### SUPPLIED MATERIAL ###

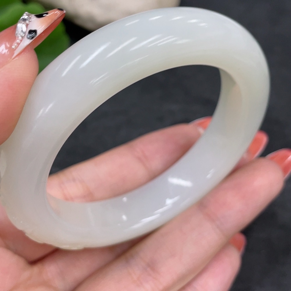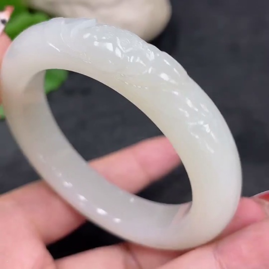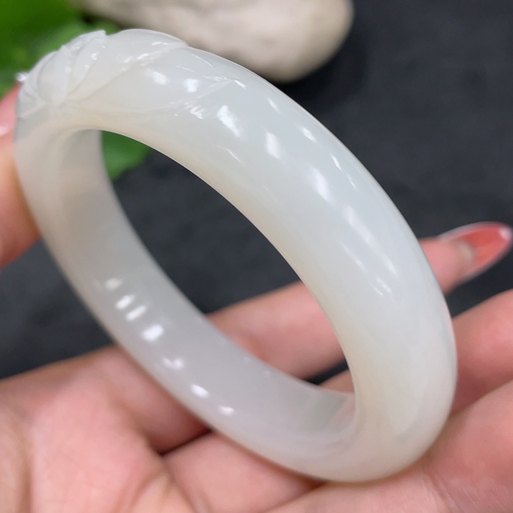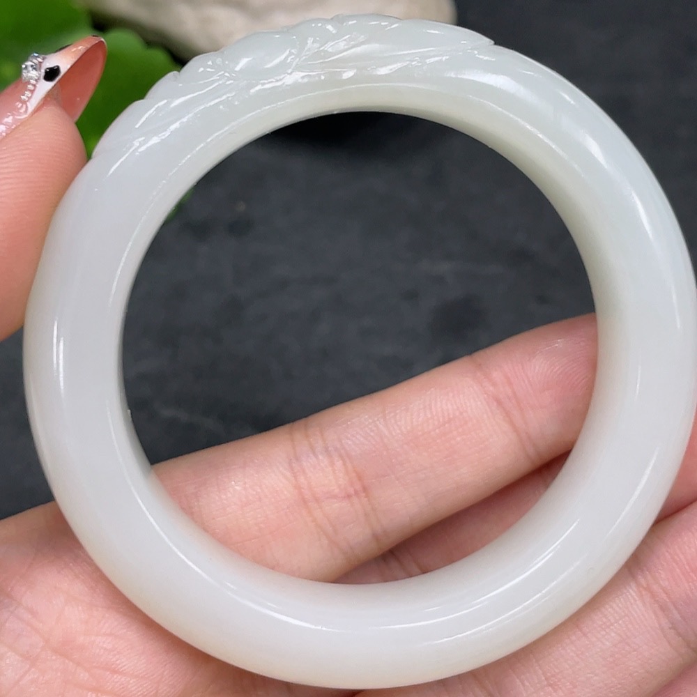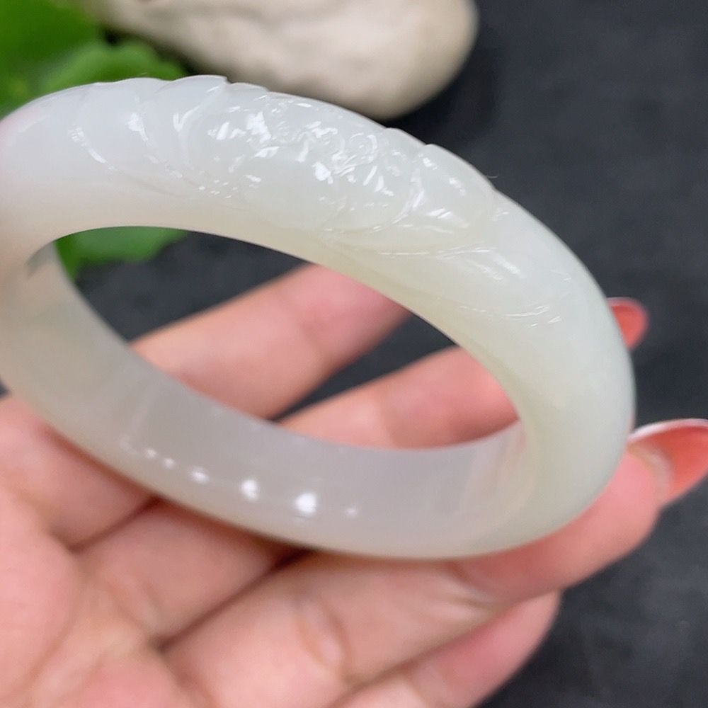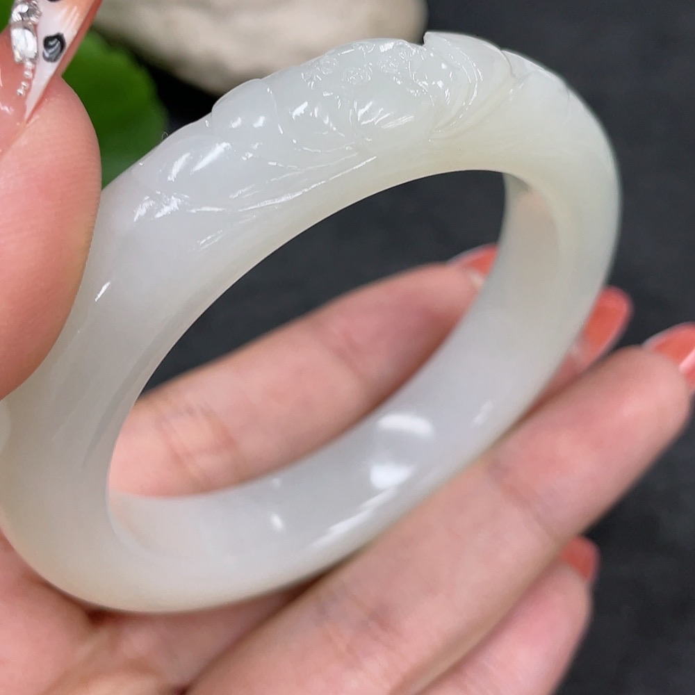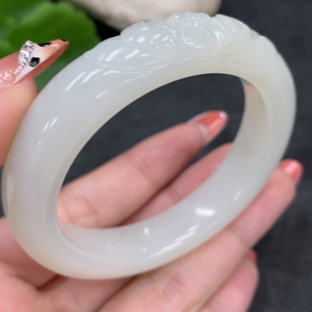 Hetian Jade Carved Flower Bracelet Size 51.3 Total Weight Approximately 54.8g
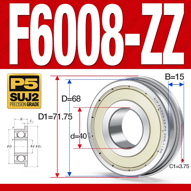 Vòng bi – bạc đạn F6008-ZZ (Mặt bích – phớt kim loại – 40*68*15 mm)
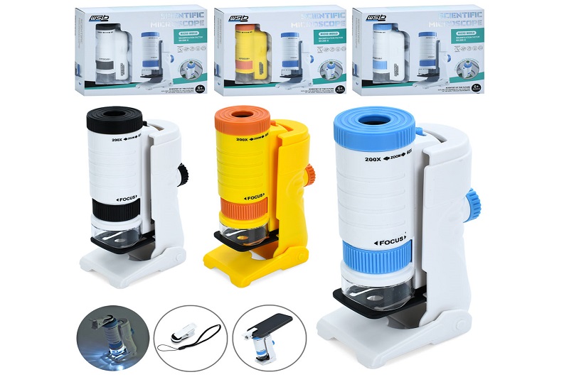 Оптичний прилад W5804B (48шт) мікроскоп, 13см, 60-200 Х, світло-2режими, 3 кольори, бат(табл), в кор
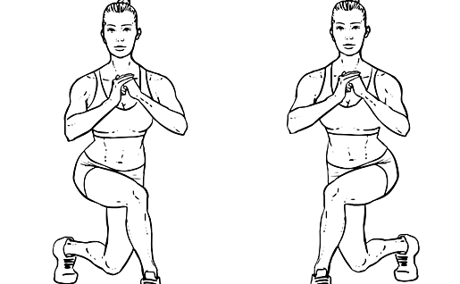 A. Stand with feet shoulder-width apart, elbows bent, optional weight at shoulder height, palms forward. Lower into a squat (don’t let knees go past toes); hold for a moment.
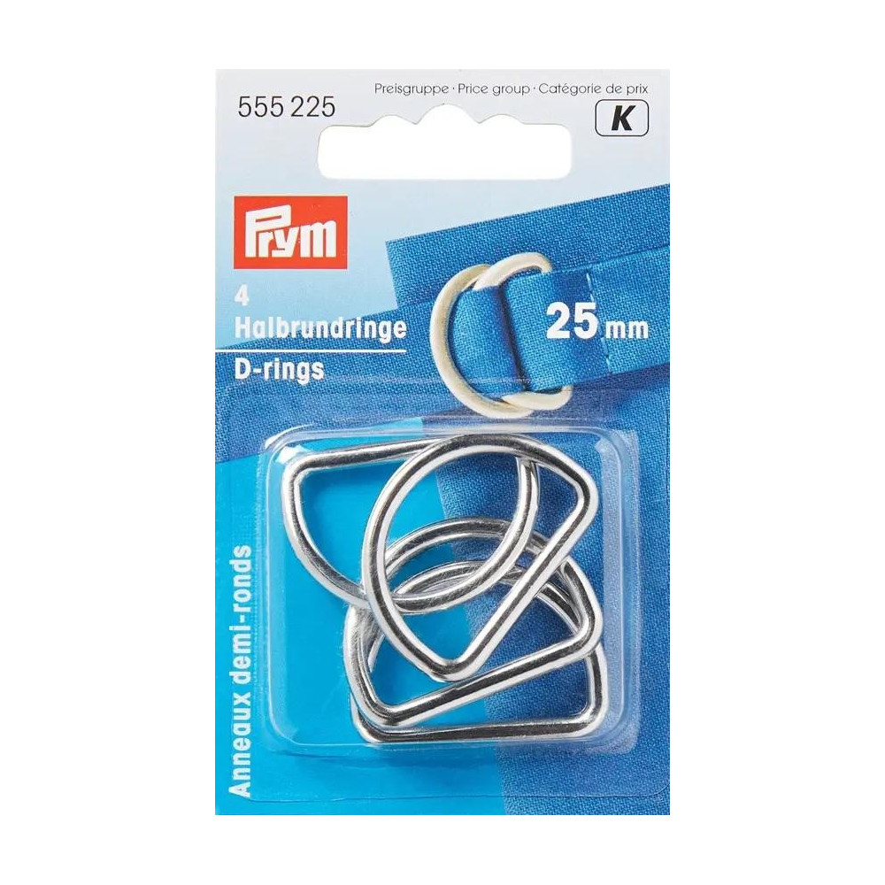 Prym 25 mm silver D-rings are perfect for crafting bags, belts, and other textile projects. The package contains 4 pieces.
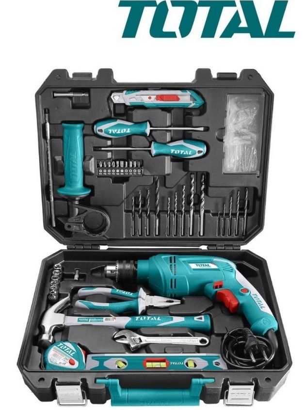 НАБОР БЫТОВЫХ ИНСТРУМЕНТОВ (550 Вт) 111 шт. TOTAL THKTHP1112 Ударная дрель 550 Вт (220-240 В ~ 50/60 Гц, патрон 13 мм) - 1 шт. 1 шт 8 унций. Молоток с когтями Отвертка SL5,5 x 100 - 1 шт. Отвертка PH1 x 100 - 1 шт. Клещи комбинированные 7 ″ 1 шт. Разводной ключ 6 ″ 1 шт. 1 шт. Стальная измерительная лента, 3 м 1 шт. Нож с отламывающимся лезвием 5 шт. Спиральных сверл (2, 3, 4, 5, 6 мм) 5 сверл по камню (4, 5, 6, 8, 10 мм) 4 шт. Сверла по дереву (4, 5, 6, 8 мм) 1 шт. Тестовый карандаш 1 шт. Изоляционная лента из ПВХ 6 бит отверток (PH1, PH2, SL4, SL6, T20, T25) 1 шт. Магнитный держатель для бит 40 шт. Винты (20 шт. X ST3,5, 10 шт. X ST4, 10 шт. X ST5) 40 пластиковых заглушек (20 x 5 мм, 10 x 6 мм, 10 x 8 мм) Набор Total Tool Box 111 Pieces состоит из ударной дрели мощностью 550 Вт с 14 сверлами различных размеров и типов, в него входят несколько отверток разных размеров, рулетка, молоток и множество других удобных инструментов. Этот набор инструментов идеально подходит для использования в профессиональной среде или дома. В этот набор инструментов также входит удобный ящик с адаптером для розетки. В этом наборе есть мощная ударная дрель, молоток, различные типы отверток и различные инструменты, которые могут облегчить ваш рабочий день. Этот набор инструментов - все, что вам понадобится, когда вы работаете дома над различными задачами.
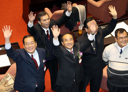 臺(tái)灣地區(qū)第七屆“立法院”二月一日選舉“立法院長(zhǎng)”,中國(guó)國(guó)民黨籍“立委”王金平(前左二),以85票對(duì)27票打敗對(duì)手,確定連任“立法院長(zhǎng)”,中國(guó)國(guó)民黨籍“立委”曾永權(quán)(前左一)則高票當(dāng)選“副院長(zhǎng)”。(“中央社”圖;郭日曉攝)

###

Using the entries above, reproduce word for word only the lines from the one that contains "Оптичний прилад W5804B" to the one that contains "Prym 25 mm silver", both ends included, and drop every picture.

 Оптичний прилад W5804B (48шт) мікроскоп, 13см, 60-200 Х, світло-2режими, 3 кольори, бат(табл), в кор
 A. Stand with feet shoulder-width apart, elbows bent, optional weight at shoulder height, palms forward. Lower into a squat (don’t let knees go past toes); hold for a moment.
 Prym 25 mm silver D-rings are perfect for crafting bags, belts, and other textile projects. The package contains 4 pieces.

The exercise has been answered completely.